Siam and Sapphire for the Red and blue.
Citrine for Yellow
Fuchisa or Rose for Pink (if you are going to a lighter shade of pink, I would use Lt. Rose)
Amethyst and Emerald for purple and green. 

Hope this helps.


----------



## LEO (Oct 10, 2006)

Stone color choice might also have to depend on what color tee you're putting design on.
* The Shineart EMERALD is quite dark and has a hint of blue in it.
OK on light shirt but might not be bright enough for a dark shirt.
( I have to buy lesser Korean colors if I need a true green)
* The same for the Siam. It's dark. You might want to consider LIGHT SIAM for a color closer to true red.

LEO


----------



## rhinestonetransf (Feb 11, 2009)

When we first started we only stocked 5 colors and then if we landed a job we added a few days to be able to get the stones in. First colors we had available below

Crystal
Siam
Cobalt
Emerald
Gold

I like sapphire better but we use cobalt more. It will also depend on what you are doing as far as transfers - if you have a school near by make sure you get the school colors. You can spend a lot of money trying to stock every color before you have an order.

Scott


----------



## Leg cramps (Feb 9, 2009)

I started with about 10 colors but I started with pelosa. very nice but very expensive. then I switched to Korean...still pricey, now I use Chinese it is the most cost effective and never had a stone complaint.


----------



## atd1029 (May 29, 2013)

I use the shineart Korean, and love them so far! I primarily do black shirts, and have ordered some colors that will not work. It completely depends on what color garment you are blinging.

For black garments:
red - 'light siam'
green - 'green'
royal blue - 'sapphire'
gold - 'light topaz'
black - 'black diamond'
purple - 'light amethyst'
barbie pink - she said they didn't carry a hot pink in Korean, so I got the Economy Hot Pink and it is ok . . not as bright as I wanted, but it works.

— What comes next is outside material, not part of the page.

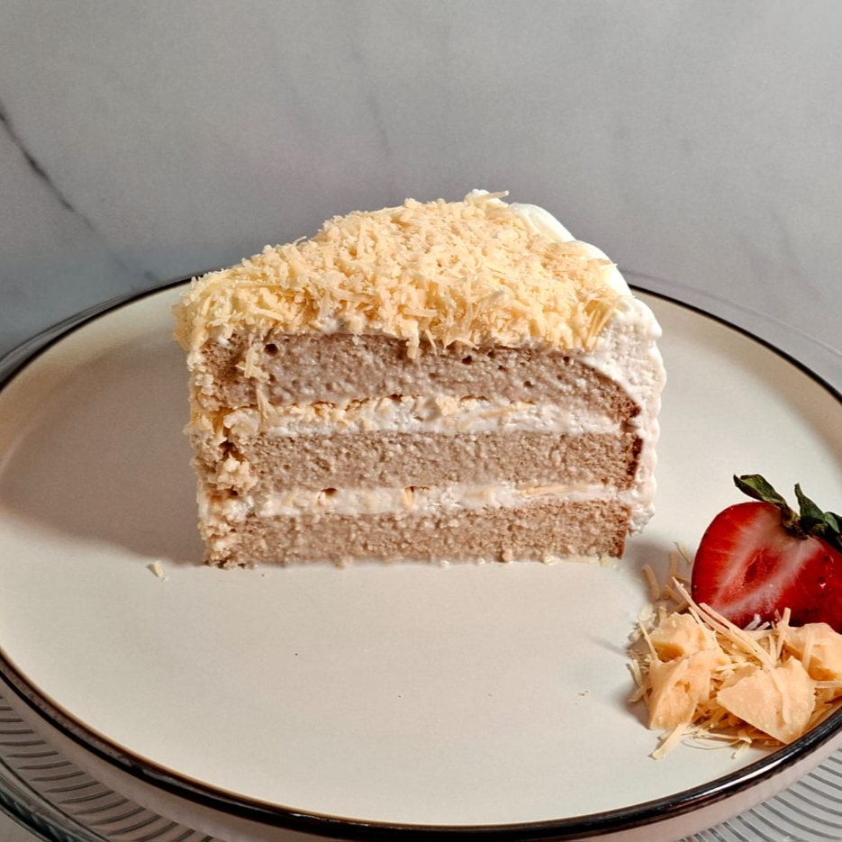 Tres capas de jugoso pan de vainilla bañado en tres leches con doble relleno de chantilly de nata con queso de bola, cubierto con una generosa capa de queso de bola de El gallo azul.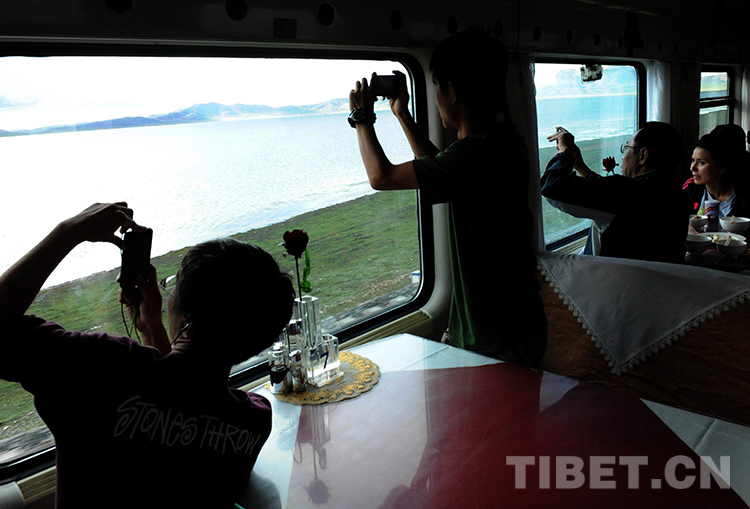 “天路”列車在通過錯(cuò)那湖時(shí),旅客們紛紛用手機(jī)拍攝美景(唐召明2012年8月12日攝)

Fucshia is more of what I wanted.

Hope this helps!!!


----------



## NeedleLittleHelp (Feb 12, 2013)

Just like in settling in embroidery or anything always get a crolor card from the vendor and have your customer pick out the colors everybody has a different opinion of what for example blue you have to document or it will bite you in the back later if you don't have prior approval


----------